### [Brief]
Leaving out all pictures, transcribe the lines below exactly, from the first through the line containing "Im Rahmen der".

### [Dataset content]
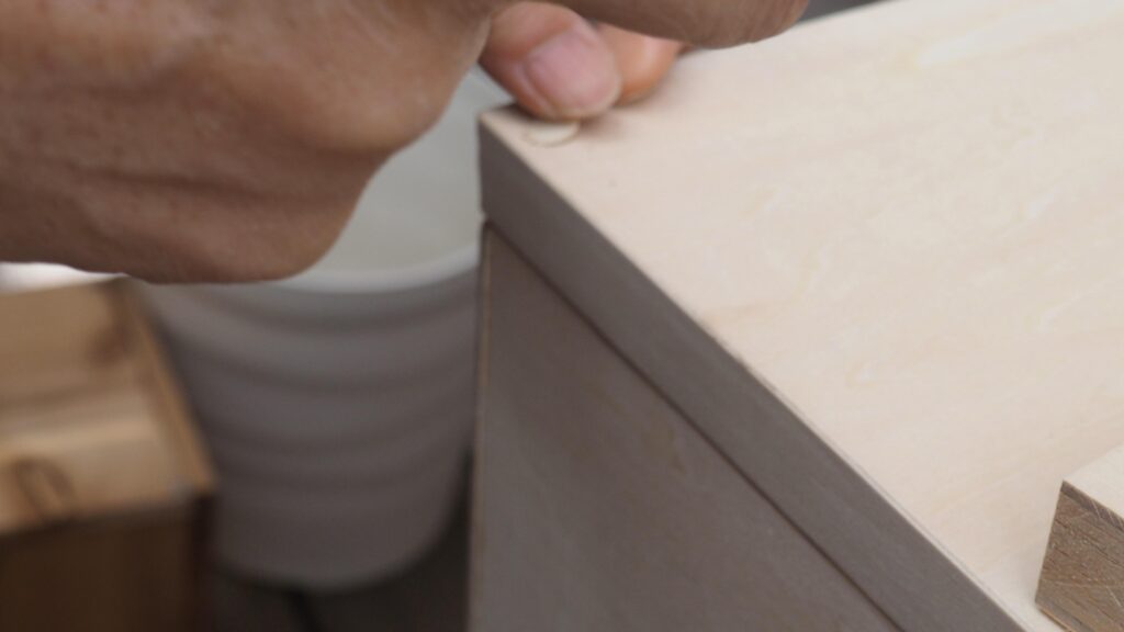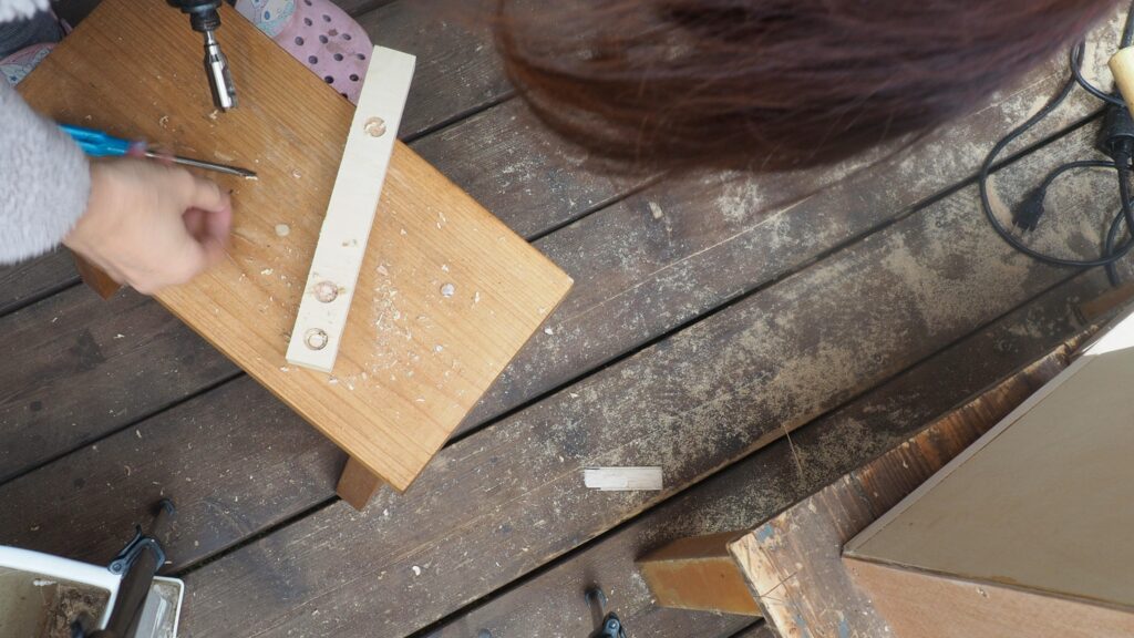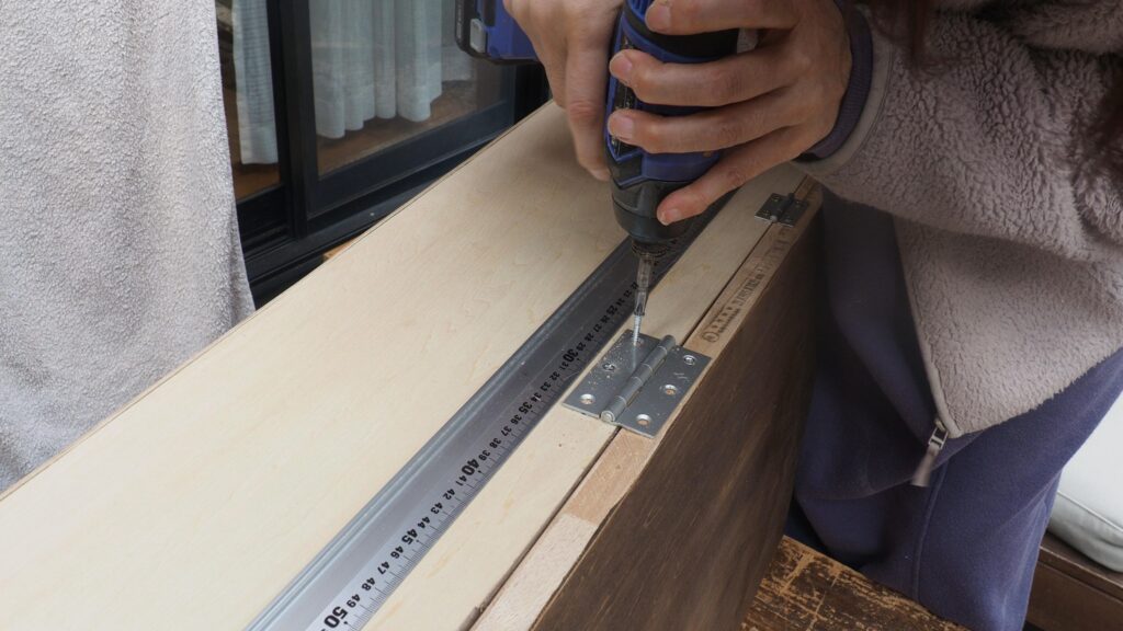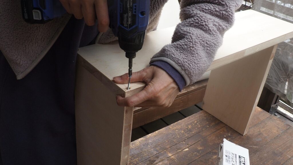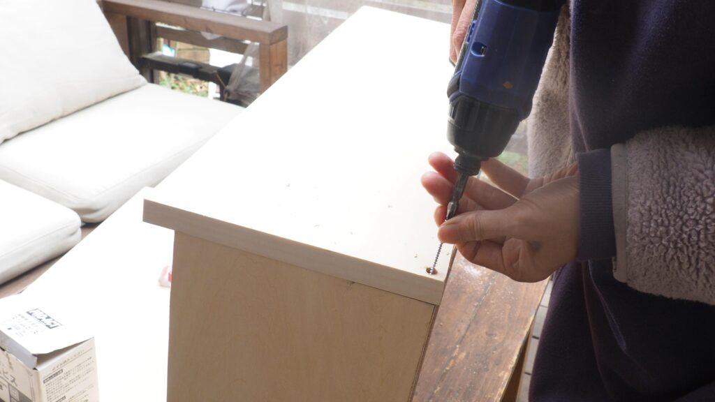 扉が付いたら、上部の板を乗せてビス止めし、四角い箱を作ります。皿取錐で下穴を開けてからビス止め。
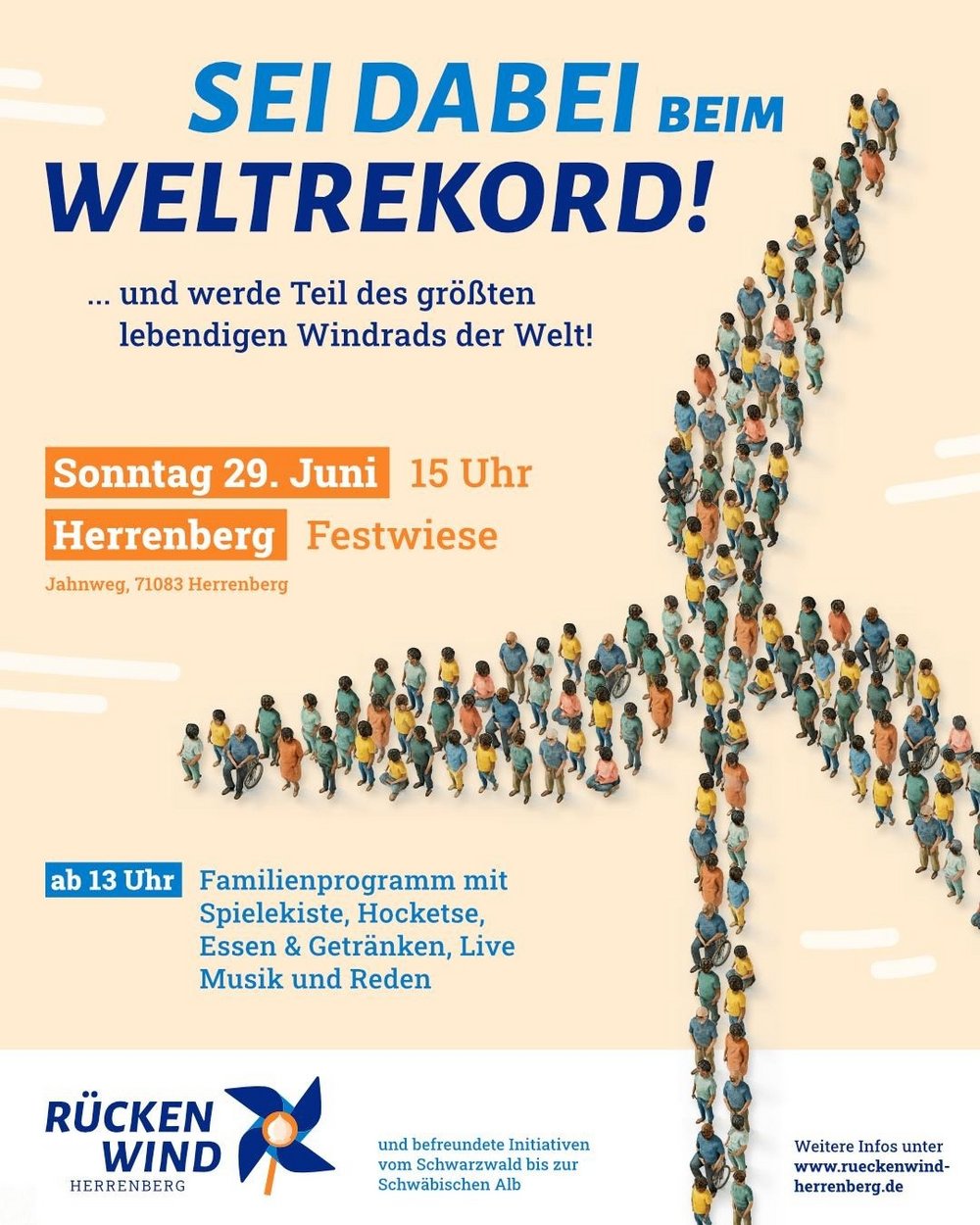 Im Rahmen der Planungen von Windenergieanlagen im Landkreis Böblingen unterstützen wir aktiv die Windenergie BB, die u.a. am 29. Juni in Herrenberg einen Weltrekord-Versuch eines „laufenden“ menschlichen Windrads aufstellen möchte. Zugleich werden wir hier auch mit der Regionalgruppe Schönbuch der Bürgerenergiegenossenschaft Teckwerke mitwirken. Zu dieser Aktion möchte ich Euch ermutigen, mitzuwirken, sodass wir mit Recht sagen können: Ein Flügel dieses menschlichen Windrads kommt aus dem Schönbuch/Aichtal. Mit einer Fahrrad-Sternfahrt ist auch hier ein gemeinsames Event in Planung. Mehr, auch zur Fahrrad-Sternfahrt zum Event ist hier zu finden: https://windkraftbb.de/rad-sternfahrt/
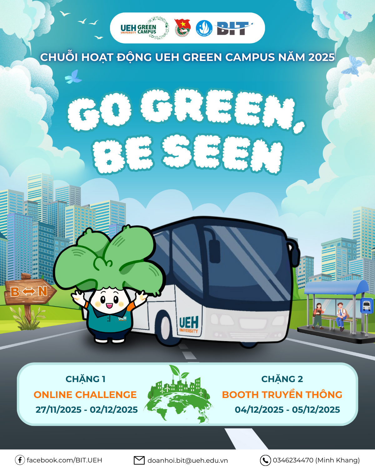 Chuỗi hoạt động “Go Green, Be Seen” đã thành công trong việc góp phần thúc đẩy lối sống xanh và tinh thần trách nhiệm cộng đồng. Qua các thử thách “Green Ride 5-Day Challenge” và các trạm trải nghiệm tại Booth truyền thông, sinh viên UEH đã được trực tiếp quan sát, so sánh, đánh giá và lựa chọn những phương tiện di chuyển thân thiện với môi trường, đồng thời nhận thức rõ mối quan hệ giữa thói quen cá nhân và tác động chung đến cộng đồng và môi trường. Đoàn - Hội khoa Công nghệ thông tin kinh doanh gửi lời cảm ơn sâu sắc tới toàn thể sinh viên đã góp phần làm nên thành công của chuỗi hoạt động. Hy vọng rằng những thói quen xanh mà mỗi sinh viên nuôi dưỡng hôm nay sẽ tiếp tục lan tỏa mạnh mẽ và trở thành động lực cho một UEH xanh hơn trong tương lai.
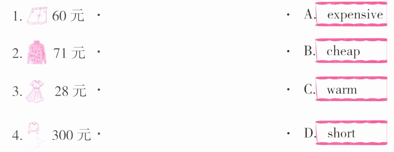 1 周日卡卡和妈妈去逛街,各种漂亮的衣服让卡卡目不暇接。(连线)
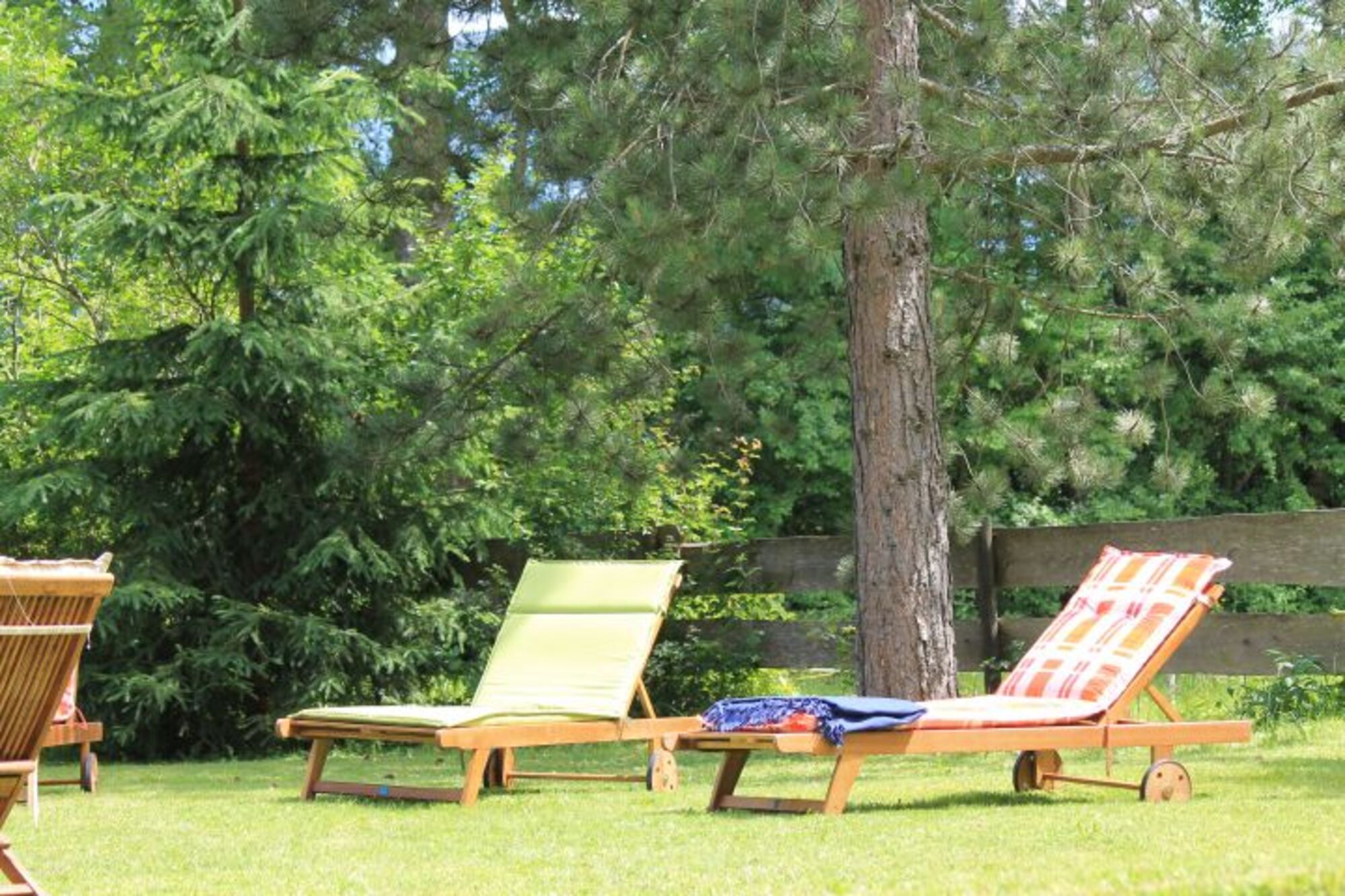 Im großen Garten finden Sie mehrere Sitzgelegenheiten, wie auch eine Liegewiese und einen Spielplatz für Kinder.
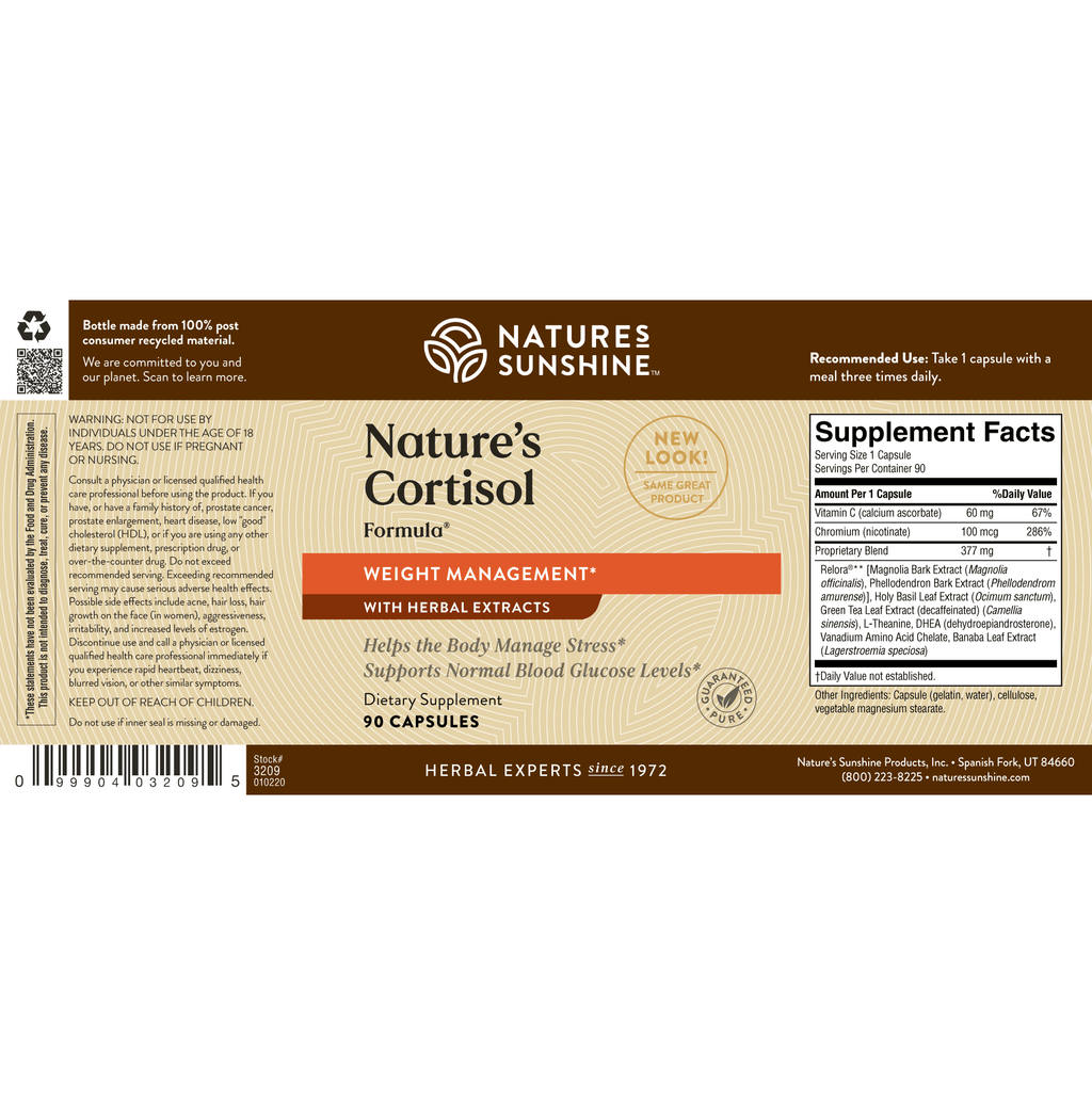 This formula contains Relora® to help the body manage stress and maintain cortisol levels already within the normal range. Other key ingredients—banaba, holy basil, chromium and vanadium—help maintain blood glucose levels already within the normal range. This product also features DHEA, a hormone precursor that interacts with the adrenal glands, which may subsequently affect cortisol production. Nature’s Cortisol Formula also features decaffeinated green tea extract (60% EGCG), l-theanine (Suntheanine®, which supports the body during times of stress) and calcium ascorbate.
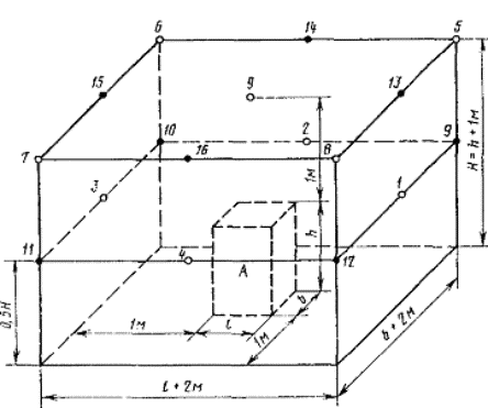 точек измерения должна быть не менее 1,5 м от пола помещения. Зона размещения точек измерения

### [Solution for this exercise]
 扉が付いたら、上部の板を乗せてビス止めし、四角い箱を作ります。皿取錐で下穴を開けてからビス止め。
 Im Rahmen der Planungen von Windenergieanlagen im Landkreis Böblingen unterstützen wir aktiv die Windenergie BB, die u.a. am 29. Juni in Herrenberg einen Weltrekord-Versuch eines „laufenden“ menschlichen Windrads aufstellen möchte. Zugleich werden wir hier auch mit der Regionalgruppe Schönbuch der Bürgerenergiegenossenschaft Teckwerke mitwirken. Zu dieser Aktion möchte ich Euch ermutigen, mitzuwirken, sodass wir mit Recht sagen können: Ein Flügel dieses menschlichen Windrads kommt aus dem Schönbuch/Aichtal. Mit einer Fahrrad-Sternfahrt ist auch hier ein gemeinsames Event in Planung. Mehr, auch zur Fahrrad-Sternfahrt zum Event ist hier zu finden: https://windkraftbb.de/rad-sternfahrt/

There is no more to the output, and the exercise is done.